▸ **Description of the task**:
Lines before the one containing "四川关于本科提前批次A段未完成计划高校征集志愿的通知" are not copied; that line and every one after it, through the end of the material below, are printed exactly, without pictures.

▸ **Study material**:
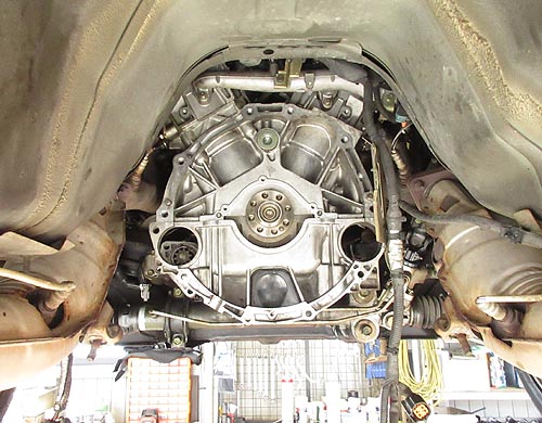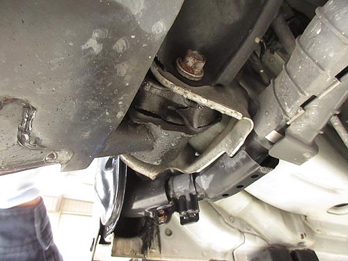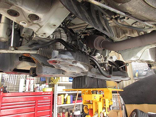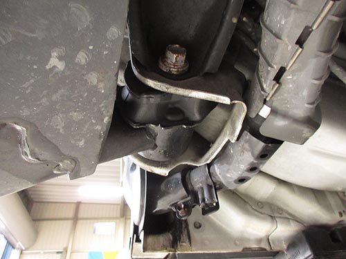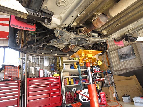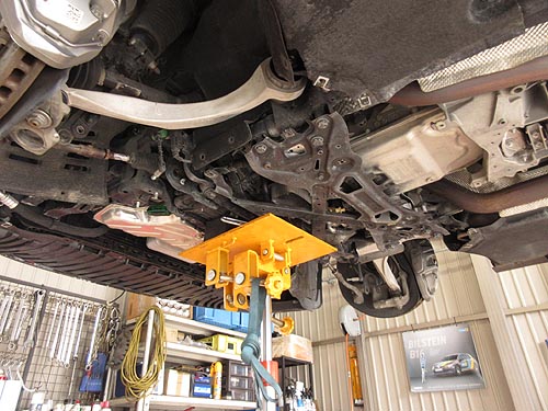 | エンジンマウントの交換はなかなか難しく ミッションジャッキを2本使って作業しています。 | |
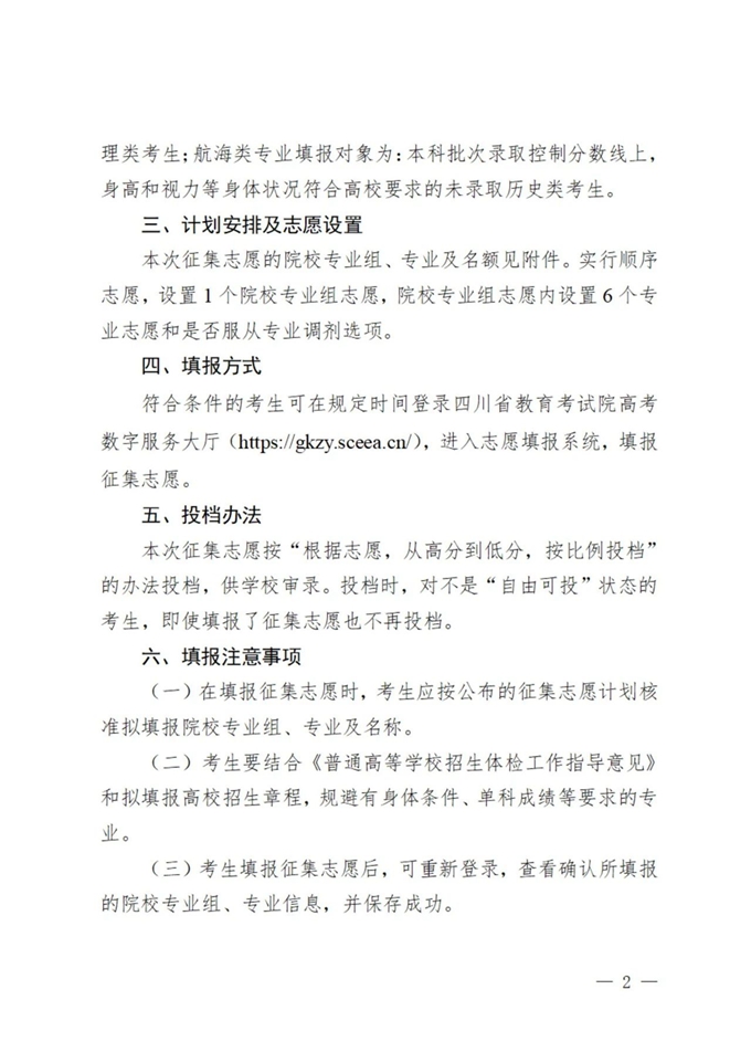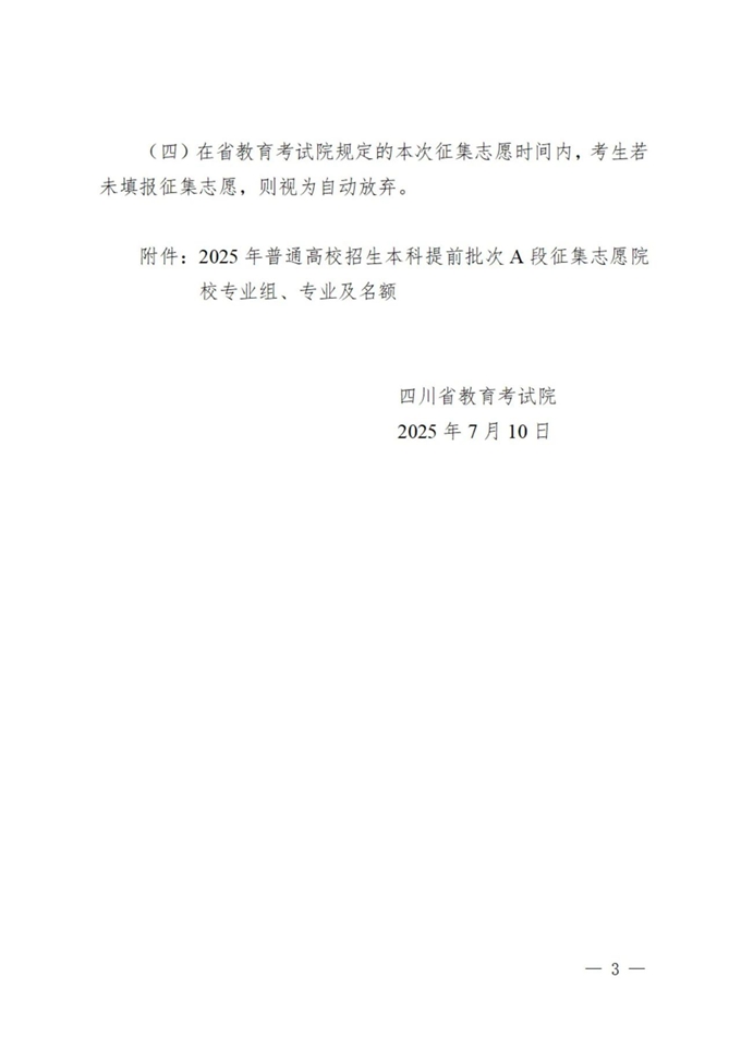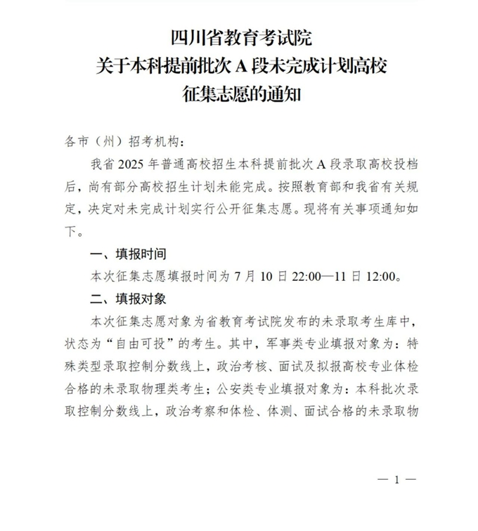 四川关于本科提前批次A段未完成计划高校征集志愿的通知
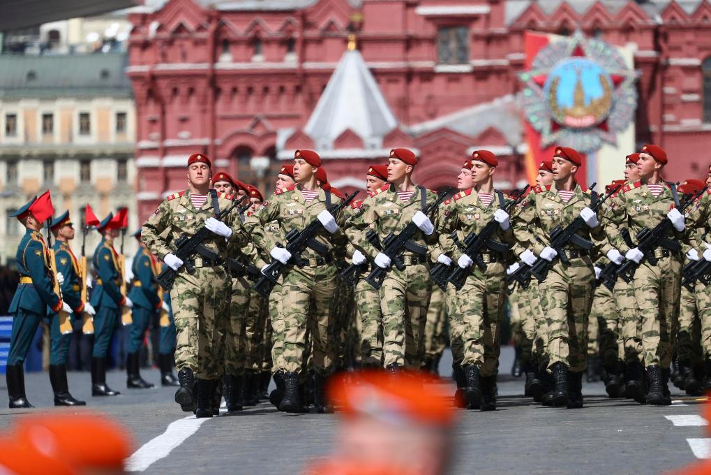 2025年5月9日,俄罗斯军人在首都莫斯科参加纪念苏联伟大卫国战争胜利80周年阅兵式。新华社记者白雪骐摄
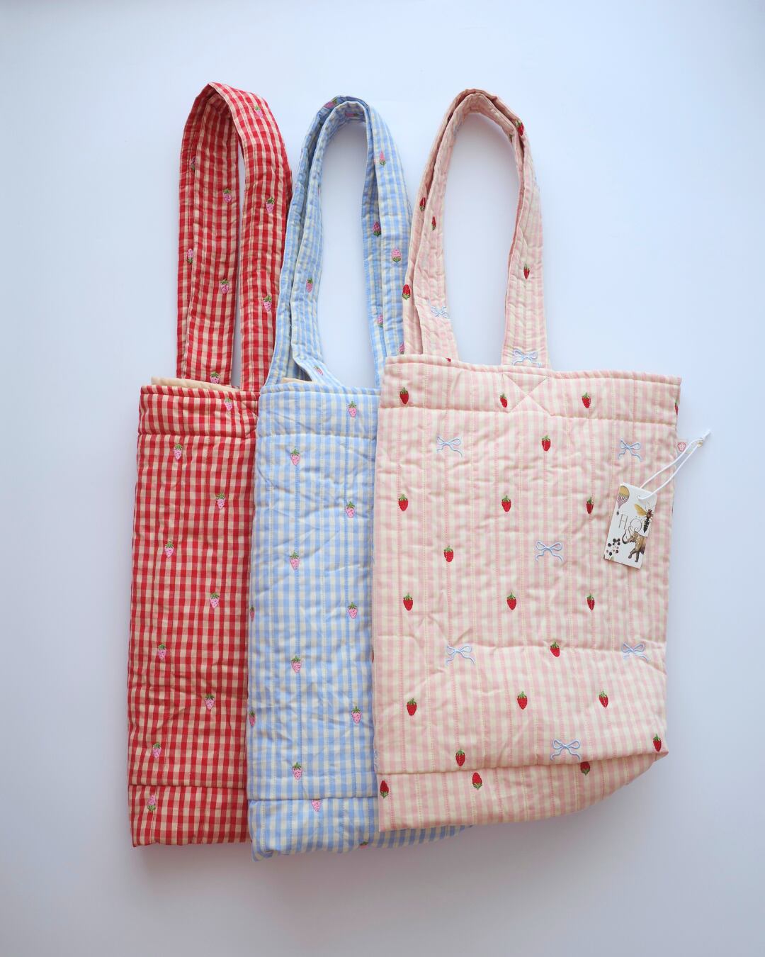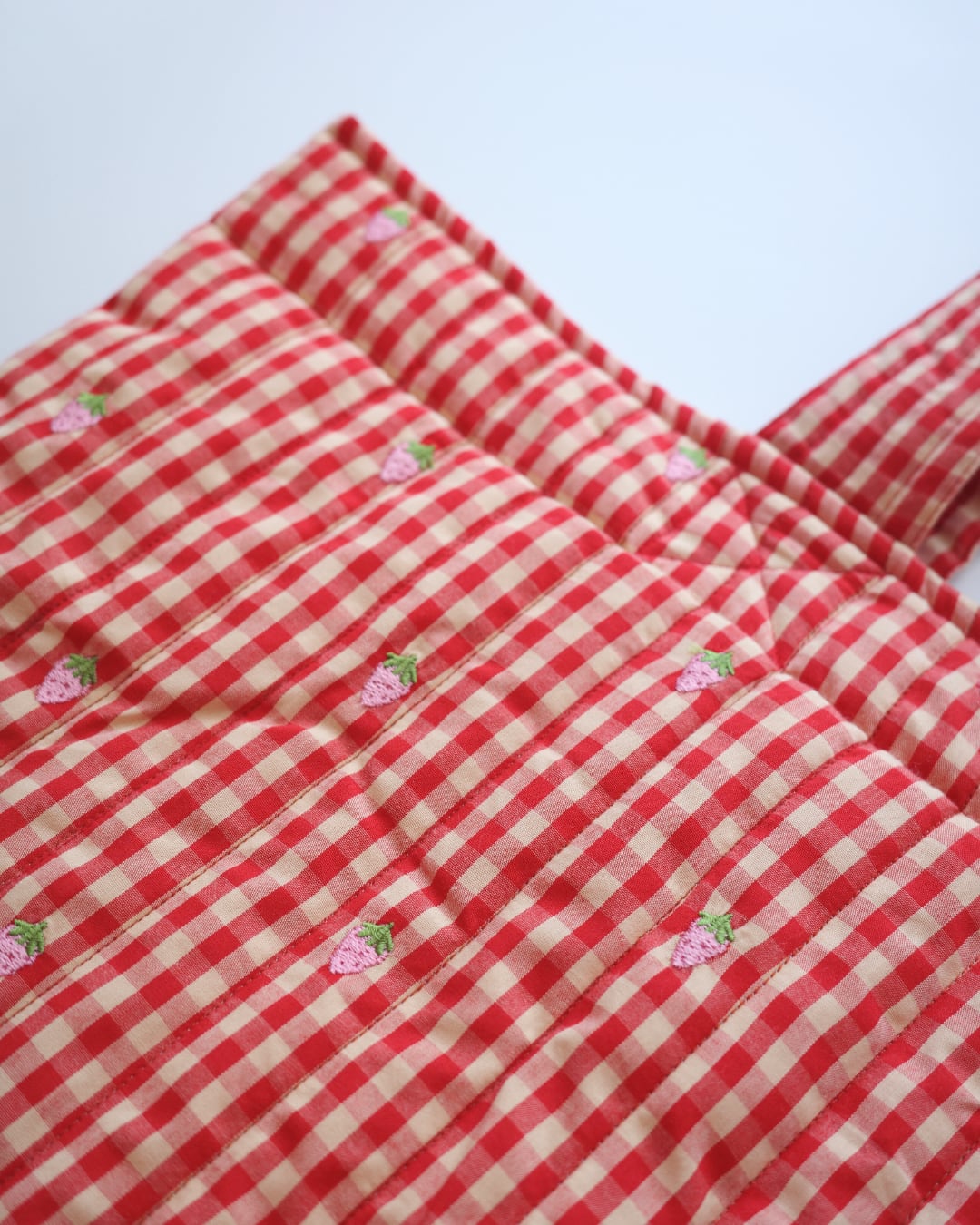 軽やかなギンガムチェックにいちご刺繍をあしらった、可愛らしさあふれるトートバッグです。
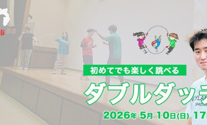 静岡県内でダブルダッチを体験できる貴重な機会です。運動が得意でない方や女性でも講師が優しくサポートするため安心して参加できます。GW明けの連休に体を動かしたい方にもおすすめです。
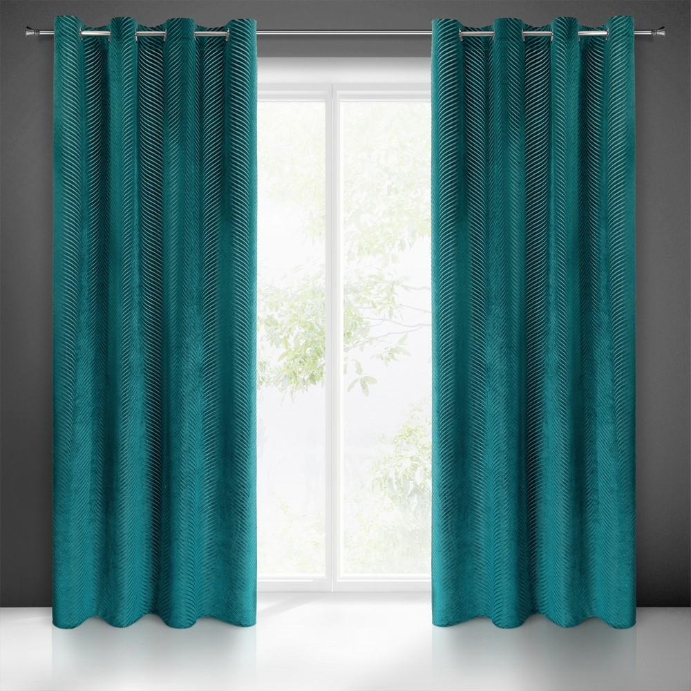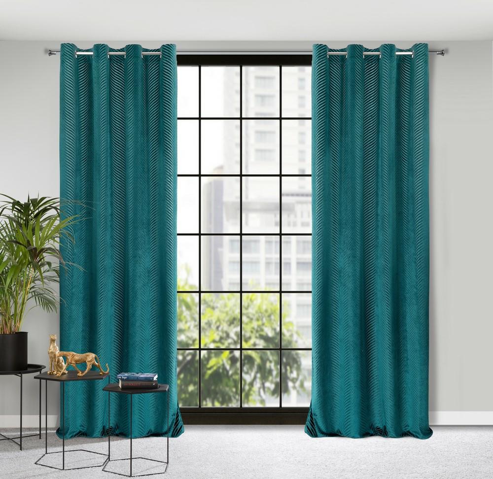 Zasłona 140×250 Lussi turkusowa ciemna gotowa na przelotkach welurowa z żakardowym wzorem Eurofirany

▸ **Solution**:
 四川关于本科提前批次A段未完成计划高校征集志愿的通知
 2025年5月9日,俄罗斯军人在首都莫斯科参加纪念苏联伟大卫国战争胜利80周年阅兵式。新华社记者白雪骐摄
 軽やかなギンガムチェックにいちご刺繍をあしらった、可愛らしさあふれるトートバッグです。
 静岡県内でダブルダッチを体験できる貴重な機会です。運動が得意でない方や女性でも講師が優しくサポートするため安心して参加できます。GW明けの連休に体を動かしたい方にもおすすめです。
 Zasłona 140×250 Lussi turkusowa ciemna gotowa na przelotkach welurowa z żakardowym wzorem Eurofirany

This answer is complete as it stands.